One potential difficulty with the PSID is to construct a longitudinal dataset, i.e. one where individuals are followed over several survey waves. There are several solutions.
- In the so-called data center, users can use drill-down menus to select relevant variables from each wave. If the user wants only recent waves, there exists a subsetting mechanism (e.g. only household heads younger than 55). As the required dataset gets larger, this becomes unhandy, as the interface gets slower and slower, and the clicking procedure is rather error prone. The main motivation for this package is that I've spent too many hours clicking on cryptic variable names only to realize after I was done that I had forgotten a variable. Unacceptable.
- User may download the data and attempt to merge the annual interview files in order to obtain the desired panel. Though conceptually not very difficult (there is an individual index file, which provides a link for individuals across years), it is a cumbersome accounting exercise to find the right variable names from each year and do the right merges.
- One can use psidR. The main function is inspired by the Stata add on package psiduse. Here is the function's signature.
build.panel(datadir,fam.vars,ind.vars=NULL,fam.files=NULL,ind.file=NULL,heads.only=TRUE,core=TRUE,design="balanced",verbose=FALSE)

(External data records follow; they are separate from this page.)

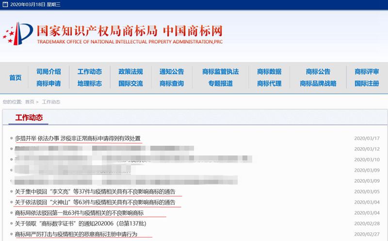 從2月27日到3月17日,商標(biāo)局工作動態(tài)有5條和涉疫非正常商標(biāo)申請有關(guān)(劃紅線處)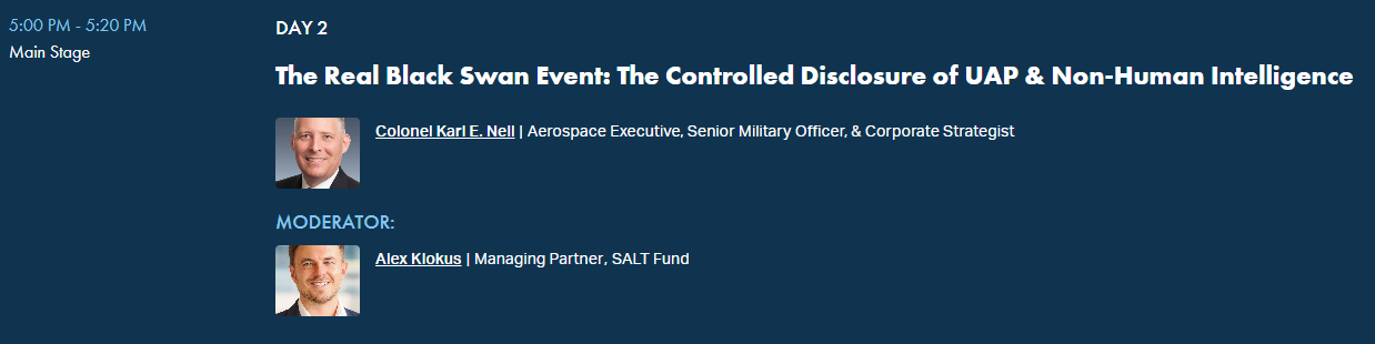 Karl Nell has replaced[1] original speaker David Grusch, yes this David Grusch: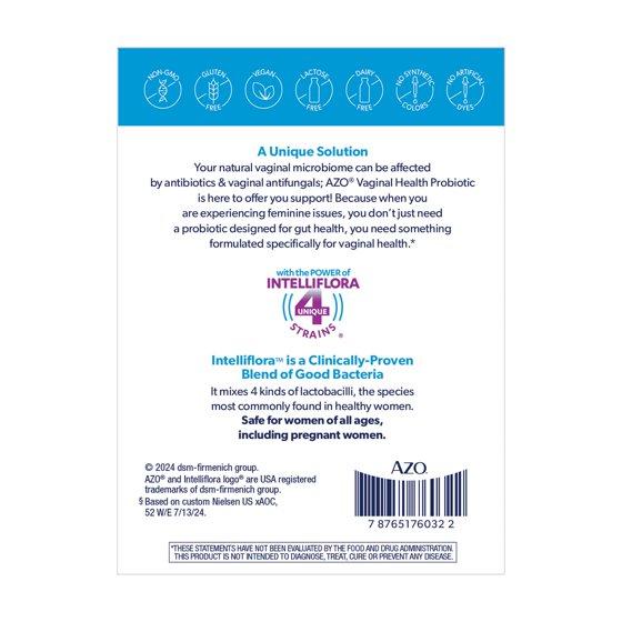 - AZO COMPLETE FEMININE BALANCE TO THE RESCUE!: It works differently because it contains INTELLIFLORA the only clinically proven probiotic blend with the 4 species of beneficial bacteria most commonly found in healthy women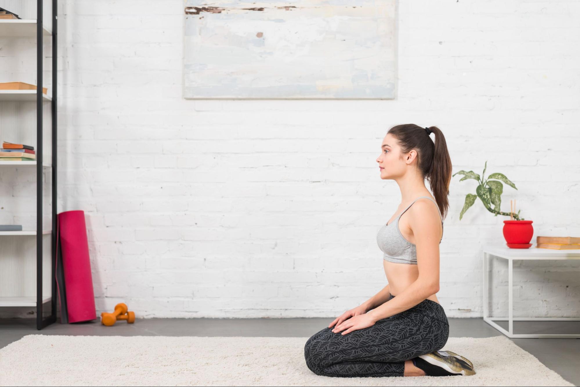 Usiądź na piętach, kolana razem. To pozycja wspierająca uważność i koncentrację – często stosowana do praktyki oddechowej lub mantr.
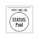 Este design de carimbo contém a mensagem "STATUS: Paid" (STATUS: PAGO) e uma linha onde uma data de pagamento pode ser escrita. Talvez pudesse ser usado para indicar que uma fatura ou fatura foi totalmente paga.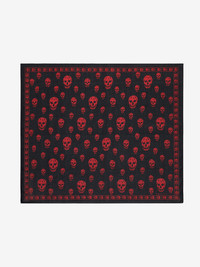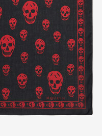 Black and red silk chiffon foulard featuring an all-over skull motif. The foulard is finished with a skull border and the McQueen logo in the bottom right corner. Product details - Dimensions: 104x120cm / 4 x 4.7 inches - Product code: 8078894Q0601074 - Made in Italy - Material: Silk
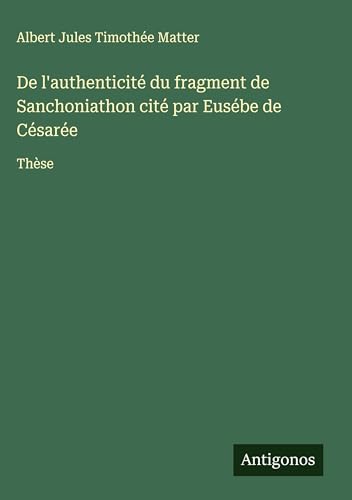 De l'authenticité du fragment de Sanchoniathon cité par Eusébe de Césarée: Thèse (French Edition) full version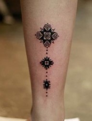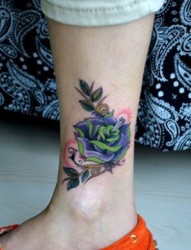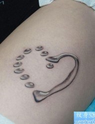 女孩子腿部潮流好看的水滴爱心纹身图片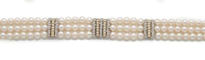 MIKIMOTO Collier de chien de 3 rangs de perles de culture po…

- There is a default behaviour, where the user only points towards a data directory. otherwise one can specify custom locations for family files and individual index.
- you can supply the PSID data in stata format or csv files
- The user has to supply a data.frame "fam.vars" which lists the variable names for all required waves.
- it's possible to tell the function that a certain variable is missing in a given year (without the variable getting dropped, so you can impute it later on)
- One can subset the data for household heads only
- there is a switch to only get the core sample
- There are 3 different sample designs to choose from: balanced panel (all individuals must be present in all waves), k-period panel (individuals must be at least k periods present) and unbalanced (all included)
- with "verbose=TRUE" the function prints comments as you go along.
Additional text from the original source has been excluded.